На вытянувшем шею и просительно ржущем же­ребце, по полю, рысью обгоняет общее движение обо­зов бородатый полковник, вероятно, отец большой семьи, оставшейся где-то в Калуге. В вооруженной дав­ке люди злы, оттого, что не знают почему они идут, оттого, что никто идти не хочет, и все всё-таки идут под мученьем ослепительного солнца, от которого не­куда скрыться, от которого, того гляди, лопнет пере­калившийся череп. Лошади, люди, пулеметы, орудия, зарядные ящики, патронные двуколки, мотоциклеты, всё смешалось гремящим хаосом в этом неуправляемом движении, но я знаю, что в какой-то будущий момент, вся эта живая масса рассыпется и под солнцем начнет переезжать, перебегать, выбирать позиции, откроет огонь и тогда представится в виде совершенного по­рядка, в котором проявится сила, управляющая хаосом войны.

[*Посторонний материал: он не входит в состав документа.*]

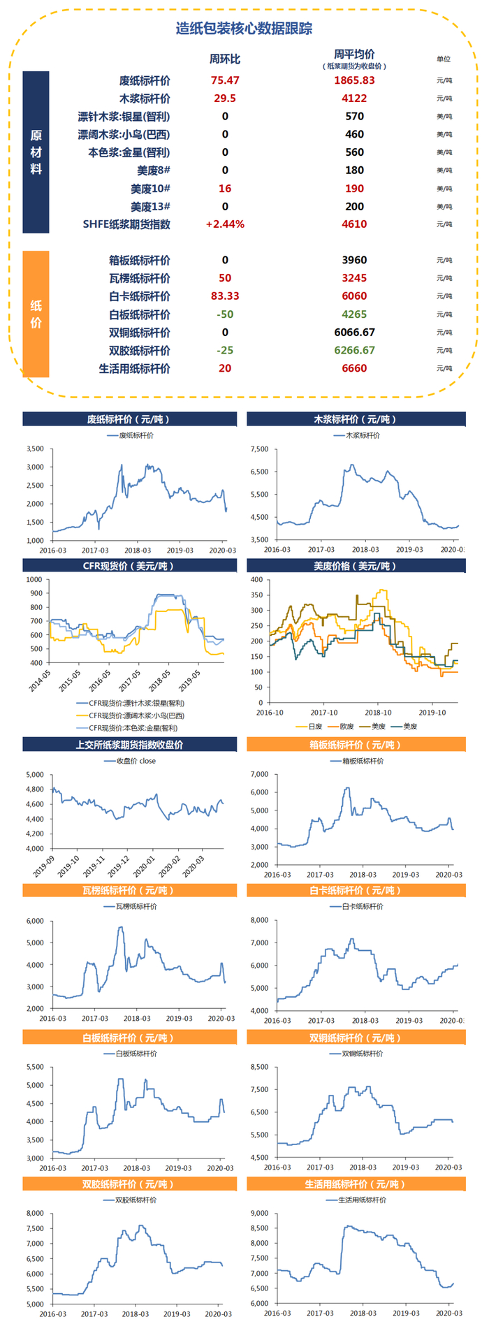 废纸系价格略有回升,文化纸表现平稳静待招标季与开学季。废纸系:原材料废纸自3月28日止跌反弹,国废本周均价为1879元/吨,周环比上涨4.6%。废纸价格上升推动原纸价格窄幅上涨,箱板纸/瓦楞纸周环比分别持平/+1.25%于3960元/3232元。短期来看,下游需求略有恢复但仍然偏弱,废纸系或仍以震荡为主。文化纸:本周木浆价格略涨0.65%至4116元,Suzano、芬林芬均表示将在保障人员安全的基础上继续稳定供应纸浆,海外疫情暂未对木浆供应构成实质性影响。双胶纸周环比-0.77%于6273元/吨,双铜纸周环比-0.87%至6066元/吨。铜版纸下游需求恢复较慢,但供给端集中度高,几大纸厂已有减产计划,预计后续将维持弱平衡的格局。双胶纸需求恢复尚不明显,但各地开学日期临近,学生本册等用纸将为需求提供支撑,预计双胶纸盈利可在高位维持。

Ночью, на опустелом дворе брошенной хаты, я, за­сыпая, слышу, как, умащиваясь рядом со мной, прапор­щик Мещеряков говорит:
– Знаете, Гуль, что на войне для меня страшнее всего? Что такая масса людей, такие чудовищные силы заняты ведь совершенно непроизводительным трудом.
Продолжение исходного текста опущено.